Через час Марков сидел на крыльце маленького деревянного домика, похожего на отцовский. Марков был неузнаваем. Он напарился в бане, оделся по-кавалерийски, затем его накормили, да так, что он еле мог отдышаться. Он сиял! Он был счастлив!
2
Кликнул клич Григорий Иванович Котовский, и никакие кордоны не могли заглушить его голос. Нашли лазы, сумели преодолеть преграды, потянулись в отряд Котовского те, кто хотел, чтобы Бессарабия была свободна.
- Мне до Котовского! - говорили добровольцы.
Бежал из боярско-румынской казармы новобранец, которого избил щомполом взбесившийся от злобы офицер. Уходили за Днестр бессарабские крестьяне. Много старых, обстрелянных солдат, коптевших в окопах в тысяча девятьсот четырнадцатом, хотели теперь проверить, не изменил ли им в меткости глаз, не стала ли дрожать рука. Где же могли они сделать это лучше, чем в отряде Котовского?
Пришел в отряд и Ивась - тот паренек из уничтоженного артиллерийским огнем Дубового Гая, тот хлопец, который стрелял в панскую свадебную процессию. Он ходил в партизанах по украинским просторам да прослышал о Котовском, отыскал его, сообщил:
- Я не дуже богатый, но не скажу что бедный: частной собственности винтовка да патронташ. Достаточно, чтобы бить буржуев?

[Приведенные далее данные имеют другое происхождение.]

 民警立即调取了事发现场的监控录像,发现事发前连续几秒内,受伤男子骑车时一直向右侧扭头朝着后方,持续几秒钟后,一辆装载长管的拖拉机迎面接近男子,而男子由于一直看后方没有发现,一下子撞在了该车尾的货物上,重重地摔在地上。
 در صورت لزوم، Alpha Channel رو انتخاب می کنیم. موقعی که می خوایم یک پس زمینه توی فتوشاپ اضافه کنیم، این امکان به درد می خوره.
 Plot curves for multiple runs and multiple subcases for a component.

Пришел наконец и Леонтий. Радостно встретил Котовский старого друга. Они не виделись с тех пор, как Леонтий затосковал по дому и попросил отпустить его. Оказывается, он так и не побывал в своей семье. Усмехается, рассказывая об этом, Леонтий, но невеселая эта улыбка, и повествование о постигших его несчастьях - невеселое повествование.
- Перешли мы тогда Днестр благополучно. Пресвятая дева Мария, кто же знает днестровские плавни лучше меня!

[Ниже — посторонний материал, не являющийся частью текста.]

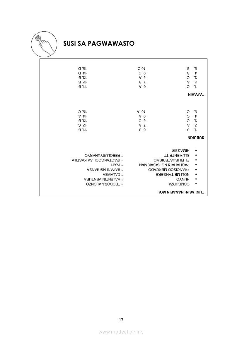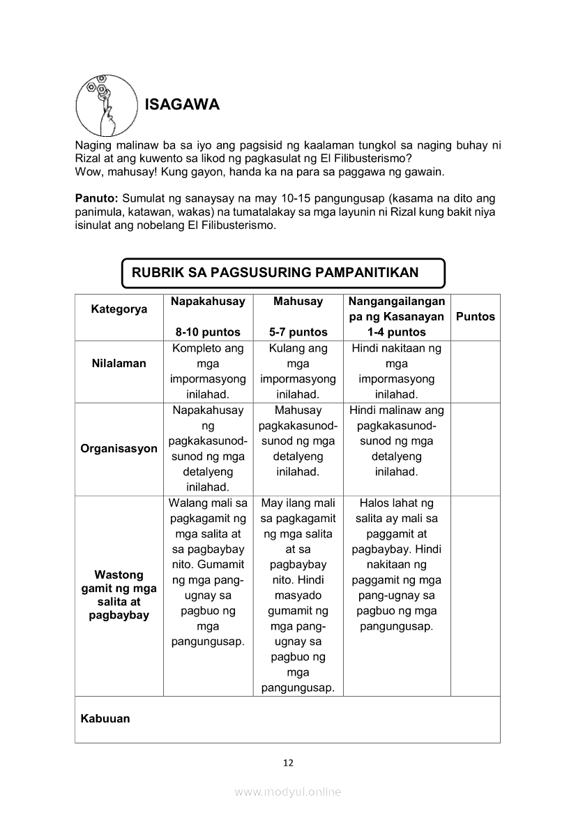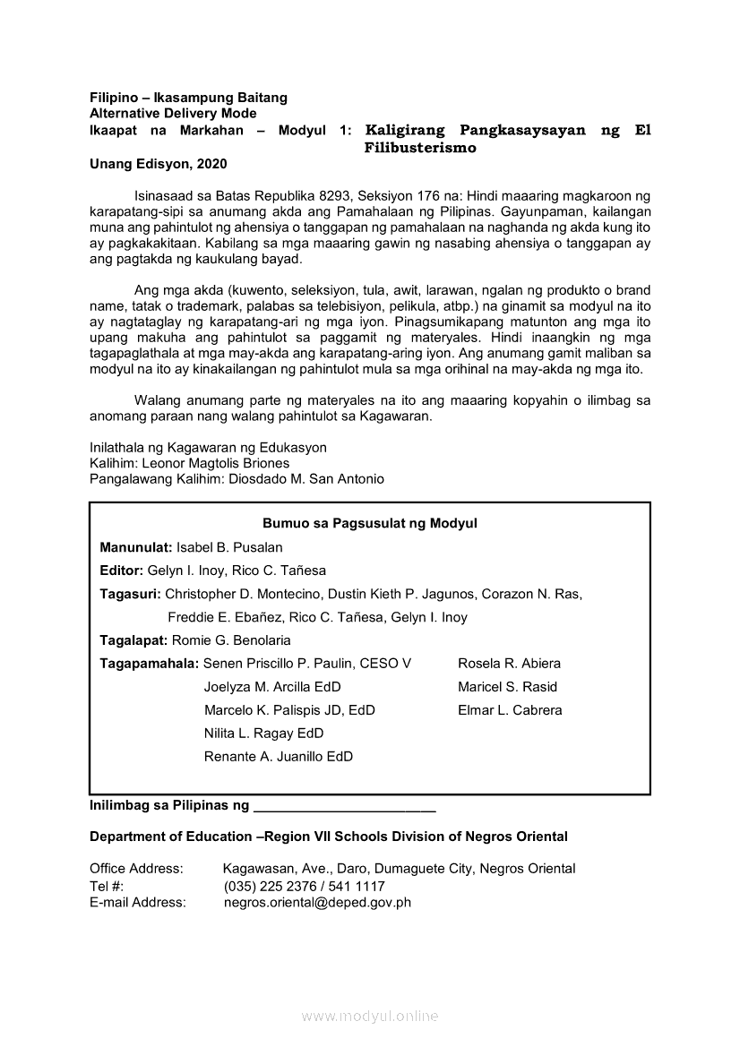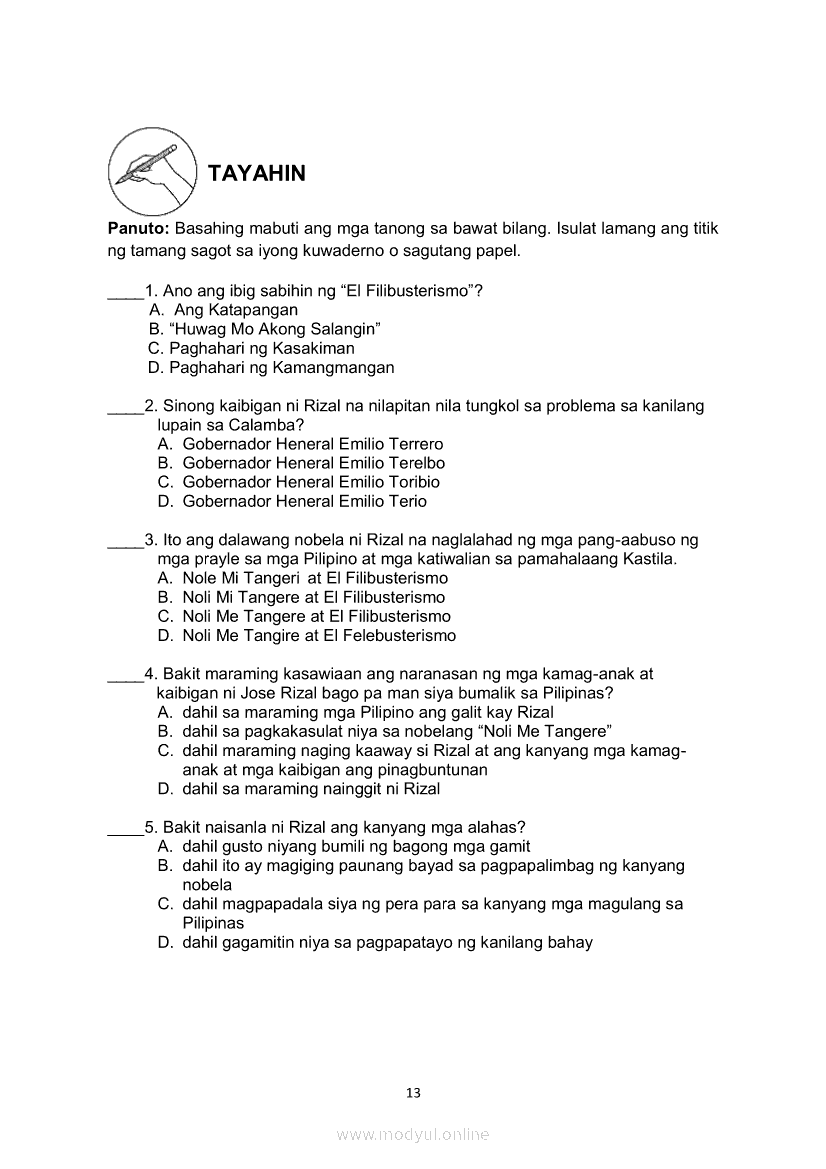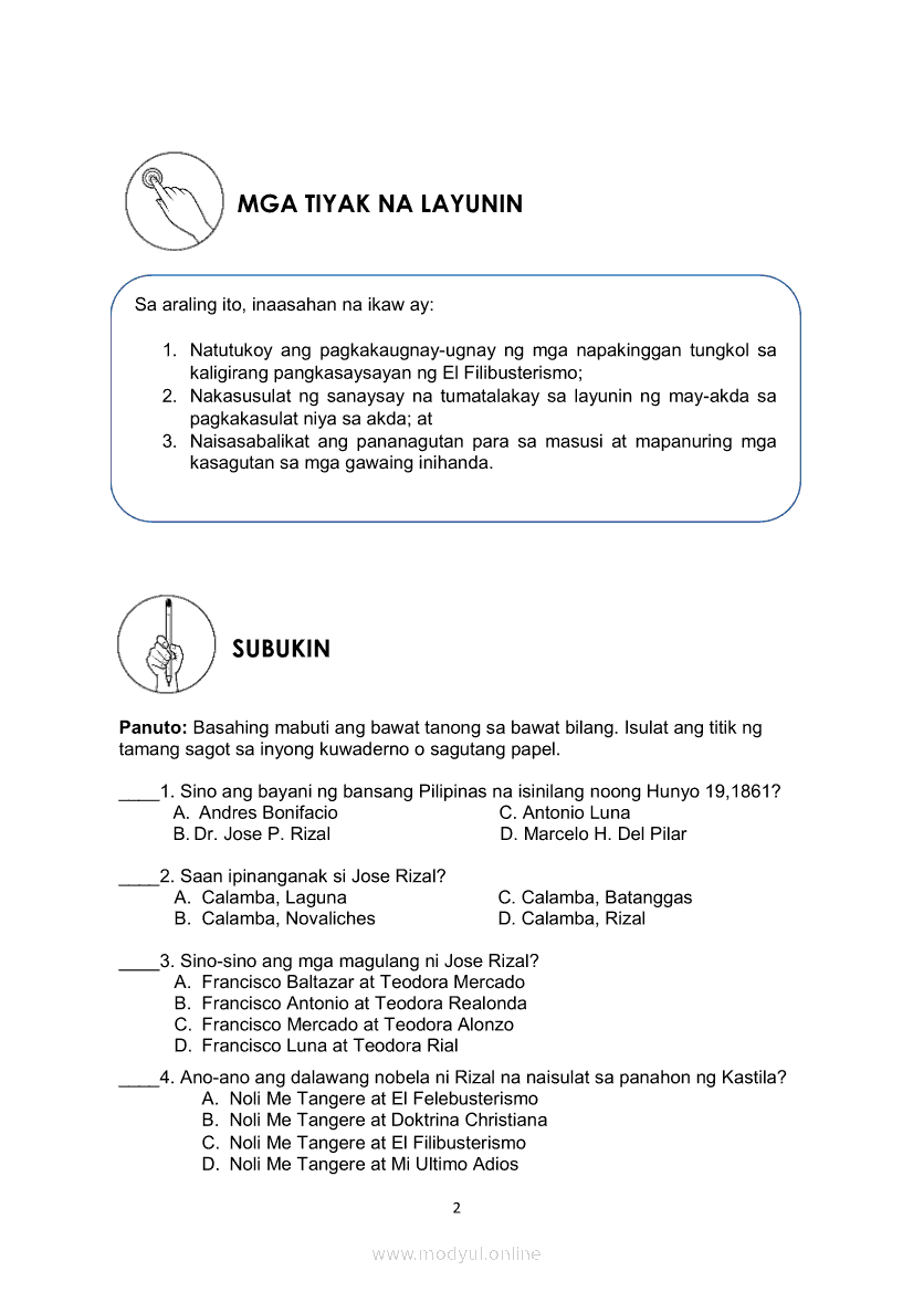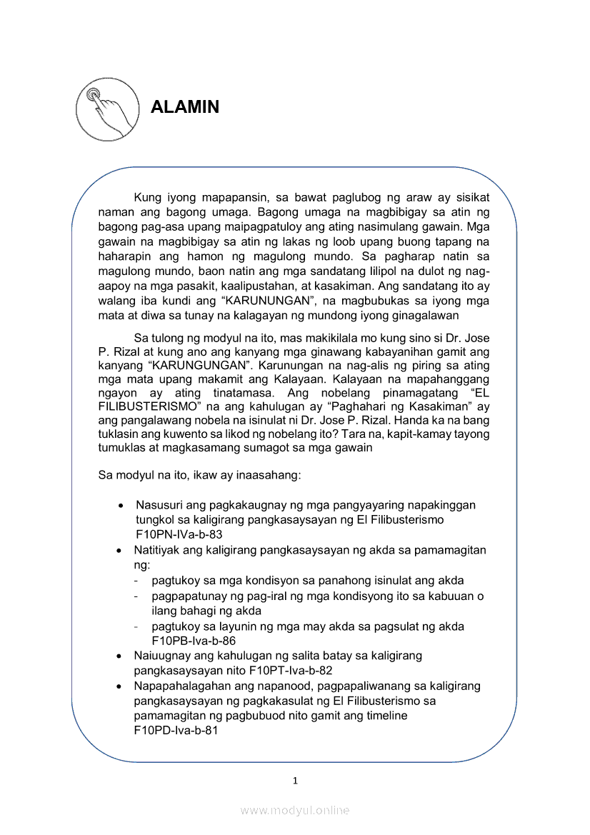 Filipino 10 Ikaapat na Markahan – Modyul 1 KALIGIRANG PANGKASAYSAYAN NG EL FILIBUSTERISMOMay 28, 2021 Grade 10Xiaomi Redmi Watch 5 Active 2inch LCD Display Clear Calling 5ATM Waterproof Smart Watch for only ₱3,999 ₱1,200!. Filipino 10 4th QuarterRelatedFilipino 10 Ikaapat na Markahan – Modyul 5 ANG MGA KAISIPANG LUTANG SA AKDA (Sa Ilalim ng Kubyerta, Sa Bahay ng mga Estudyante, Ginoong Pasta, Ang Palabas, Ang Prayle at Ang mga Pilipino, Ang Piging at Ang Hiwaga)Filipino 10 Ikaapat na Markahan – Modyul 8 PAGSUSURI SA PILING KABANATA NG EL FILIBUSTERISMO NA KAKIKITAAN NG KLASIKONG KATANGIAN NG AKDA Sub-Aralin: Mga Pang-uring Umaakit sa Imahinasyon at mga PandamaFilipino 10 Ikaapat na Markahan – Modyul 4 PAGSUSURI SA PILING KABANATA NG EL FILIBUSTERISMO Sub-Aralin: Pagbubuod Gamit ang Tamang Mekaniks sa PagsulatFilipino 10 Ikaapat na Markahan – Modyul 2 PAGSULAT NG BUOD HANGO SA TIMELINE (Kaligirang Pangkasaysayan ng El Filibusterismo)Filipino 10 Ikaapat na Markahan – Modyul 7 KABULUHAN NG MGA KAISIPANG LUTANG SA PILING KABANATA NG EL FILIBUSTERISMO KAUGNAY KAY SIMOUN Sub-Aralin: Pagbibigay-kahulugan ng Matatalinghagang Pahayag

- Ну, ну, дальше? Перешел ты Днестр и что? Отправился домой?
- Сразу же на том берегу и начались неприятности. Напоролись на заставу - уже плохо. Тут и расстались мы с Петром Васильевичем, обернулся он к Маркову, у которого в глазах стоял вопрос. - Да-а... И ведь стрелки-то они какие, а угораздили прямо в ногу. Схватили. Били смертным боем. Это уже там, в камере.
- Бить они умеют.
- Били, били, а потом порадовали: десять лет каторжных работ.
- Крепкий ты. Одно это тебя и выручило.
- Обязательно бы погиб. Но засела мне думка в голову: Котовский все перенес? Должен преодолеть и я! Не имею я никакого права погибнуть!
- Что молодец, то молодец! Правда, товарищ командир? - похвалил Миша.
- Конечно, молодец, - подтвердил Котовский. - Так и следует жить. Не сдавайся! Полосуют тебя, на куски рубят, а ты стой на своем. Не осилят. Не смогут одолеть. А уж если и умереть, то стоя, глядя врагу в лицо.
- Хорошо сказано! - Это говорил Чобра, искусный виноградарь, выросший под сверкающим солнцем Бессарабии. Горячие глаза у Чобры. И сердце горячее. Он совсем недавно в отряде. Он сам не знает, как это с ним случилось.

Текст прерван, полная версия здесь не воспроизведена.